2025-05-02 16:39:06,514 - distributed.protocol.pickle - INFO - Failed to deserialize b’\x80\x05\ \x94\x8c\x0copen_dataset\x94\x93\x94]\x94XB\x01\x00\x00/g/data/ia39/australian-climate-service/release/CORDEX/output-Adjust/CMIP6/bias-adjusted-output/AUST-05i/BOM/ACCESS-CM2/ssp370/r4i1p1f1/BARPA-R/v1-r1-ACS-MRNBC-AGCDv1-1960-2022/day/tasmaxAdjust/v20241216/tasmaxAdjust_AUST-05i_ACCESS-CM2_ssp370_r4i1p1f1_BOM_BARPA-R_v1-r1-ACS-MRNBC-AGCDv1-1960-2022_day_20150101-20151231.nc\x94ah x86\x94b.’
Traceback (most recent call last):
File “/g/data/xp65/public/apps/med_conda/envs/analysis3-24.07/lib/python3.11/site-packages/distributed/protocol/pickle.py”, line 92, in loads
return pickle.loads(x)
^^^^^^^^^^^^^^^
AttributeError: ‘Task’ object has no attribute ‘_data_producer’
When run in a notebook it just hangs as the cluster closes and open_mfdataset
then just sits there waiting forever.
With 24.07 I get a different error stream, a whole lot of Engine loading failures, all seemingly related to libmpi:
File “/g/data/xp65/public/apps/med_conda/envs/analysis3-24.07/lib/python3.11/site-packages/h5py/init.py”, line 25, in
from . import _errors
^^^^^^^^^^^^^^^^^
ImportError: libmpi.so.40: cannot open shared object file: No such file or directory
I’m at a loss as in terms of debugging, need someone who knows how these things work I think.
Can I upload my minimal test script here somehow? (Upload button above says no to .py format).
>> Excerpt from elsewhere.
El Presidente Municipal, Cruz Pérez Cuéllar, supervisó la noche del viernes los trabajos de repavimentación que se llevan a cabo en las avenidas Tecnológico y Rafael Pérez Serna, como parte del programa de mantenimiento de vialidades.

Pasted below.
Thanks for suggestions.
Kind regards,
Aurel Griesser
import xarray as xr
from dask.distributed import Client
from dask_jobqueue import PBSCluster
def my_start_PBS_dask_cluster(
cores=4,
memory="9GB",
processes=4,
walltime = '1:00:00',
storages = 'gdata/ai05+gdata/xp65+gdata/tp28+gdata/ia39+gdata/mn51+gdata/ob53+gdata/py18+gdata/py18+gdata/dk92'
):
print("Starting Dask...\r", end="")
cluster = PBSCluster(walltime=str(walltime), cores=cores, memory=str(memory), processes=processes,
job_extra_directives=['-q normalbw',
'-l ncpus='+str(cores),
'-l mem='+str(memory),
'-l storage='+storages,
'-l jobfs=10GB',
'-P ai05'],
job_script_prologue=['module unload conda/analysis3-25.03', 'module load conda/analysis3-24.07'],
job_directives_skip=["select"],
# python="/g/data/xp65/public/apps/med_conda/envs/analysis3-25.03/bin/python", # Why not this? 'which python' gives me this path, but Scott provided the one on the next line.
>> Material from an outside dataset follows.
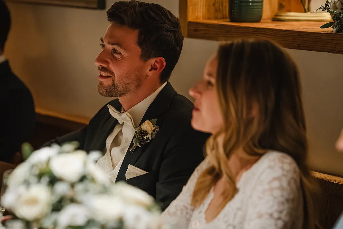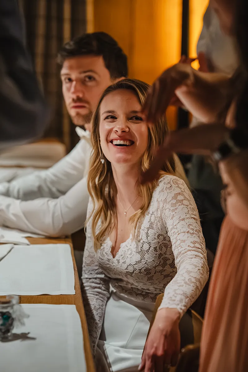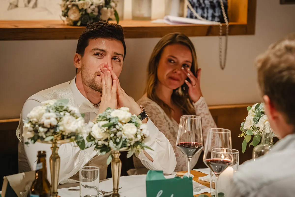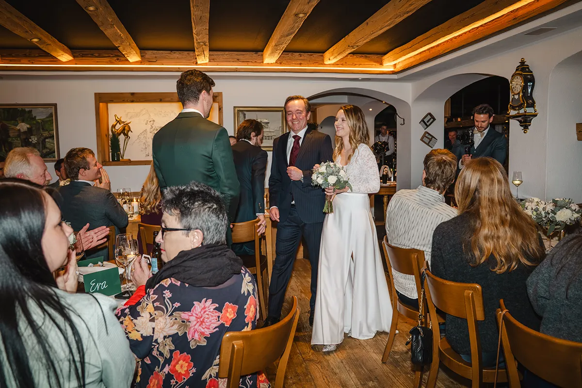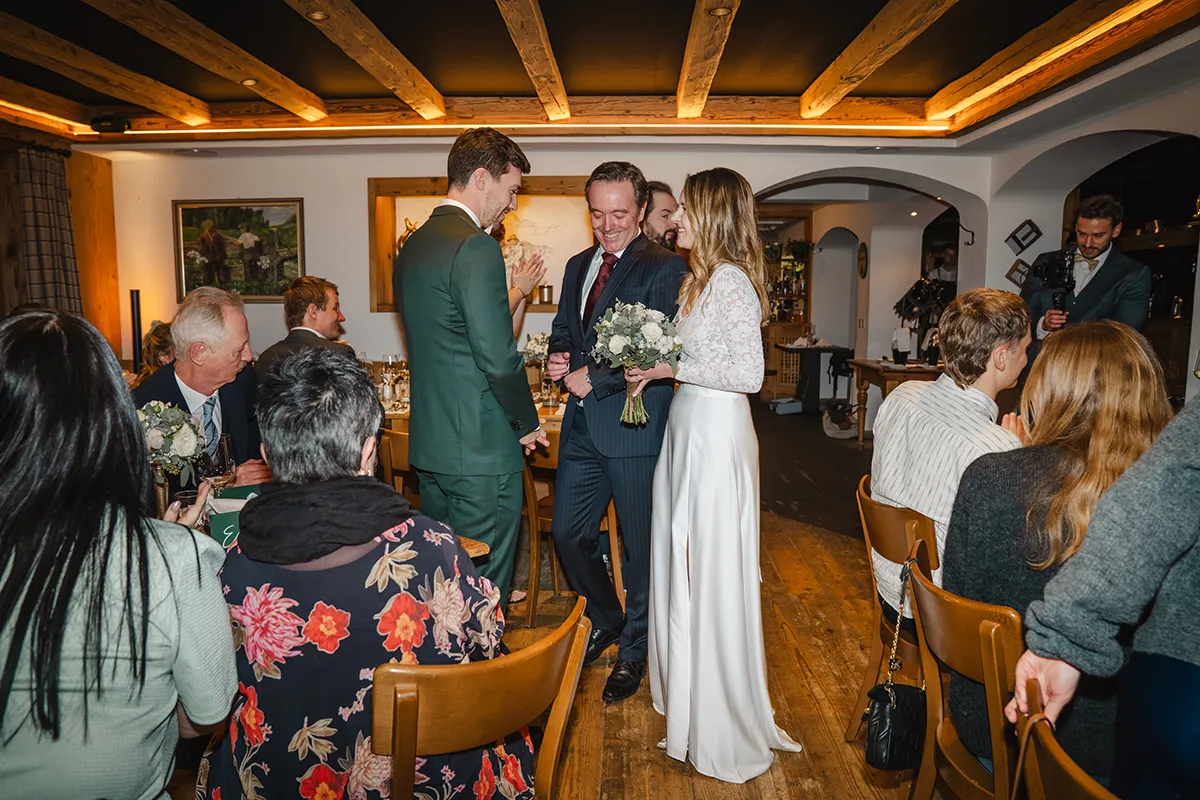 Drinnen wechselte die Braut ins Hochzeitskleid. Sie kam mit ihrem Vater rein – Applaus. Die Rede des Vaters war ergreifend; bei Braut und Bräutigam liefen die Tränen. Das Hochzeitsessen war kulinarisch ein Highlight, der Abend geprägt von herzlichen Beiträgen von Familie und Freunden.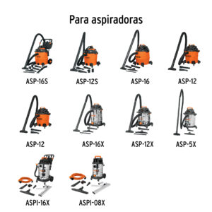 Para aspiradoras modelos ASP-16S, ASP-12S, ASPI-16 (Descontinuada), ASPI-12 (Descontinuada), ASP-16, ASP-12, ASP-16X, ASP-12X, ASP-5X, ASPI-16X (Descontinuada) y ASPI-08X (Descontinuada) marca Truper®

# python="/g/data/xp65/public/apps/med_conda_scripts/analysis3-25.04.d/bin/python",
python="/g/data/xp65/public/apps/med_conda_scripts/analysis3-24.07.d/bin/python",
)
cluster.scale(jobs=1) # Scale the resource to this many nodes
client = Client(cluster)
print(f"Dask Client started. Dashboard URL: {client.dashboard_link}")
return client, cluster
def my_load_data():
file_list = [
"/g/data/ia39/australian-climate-service/release/CORDEX/output-Adjust/CMIP6/bias-adjusted-output/AUST-05i/BOM/ACCESS-CM2/ssp370/r4i1p1f1/BARPA-R/v1-r1-ACS-MRNBC-AGCDv1-1960-2022/day/tasmaxAdjust/v20241216/tasmaxAdjust_AUST-05i_ACCESS-CM2_ssp370_r4i1p1f1_BOM_BARPA-R_v1-r1-ACS-MRNBC-AGCDv1-1960-2022_day_20150101-20151231.nc",
"/g/data/ia39/australian-climate-service/release/CORDEX/output-Adjust/CMIP6/bias-adjusted-output/AUST-05i/BOM/ACCESS-CM2/ssp370/r4i1p1f1/BARPA-R/v1-r1-ACS-MRNBC-AGCDv1-1960-2022/day/tasmaxAdjust/v20241216/tasmaxAdjust_AUST-05i_ACCESS-CM2_ssp370_r4i1p1f1_BOM_BARPA-R_v1-r1-ACS-MRNBC-AGCDv1-1960-2022_day_20160101-20161231.nc",
"/g/data/ia39/australian-climate-service/release/CORDEX/output-Adjust/CMIP6/bias-adjusted-output/AUST-05i/BOM/ACCESS-CM2/ssp370/r4i1p1f1/BARPA-R/v1-r1-ACS-MRNBC-AGCDv1-1960-2022/day/tasmaxAdjust/v20241216/tasmaxAdjust_AUST-05i_ACCESS-CM2_ssp370_r4i1p1f1_BOM_BARPA-R_v1-r1-ACS-MRNBC-AGCDv1-1960-2022_day_20170101-20171231.nc"
]
ds = xr.open_mfdataset(file_list, parallel=True, engine='h5netcdf')
return ds
if __name__ == '__main__':
try:
# Initialise a Dask cluster at this stage, since our inputs are probably OK.
client, cluster = my_start_PBS_dask_cluster()
# Load data.
ds = my_load_data()
print(f"Mean value: {ds['tasmaxAdjust'].mean()}")
finally:
cluster.close()
client.close()
print("Closed Dask cluster")
print("All done!")
I just run that with python test_dask.py
in a terminal in an ARE browser window.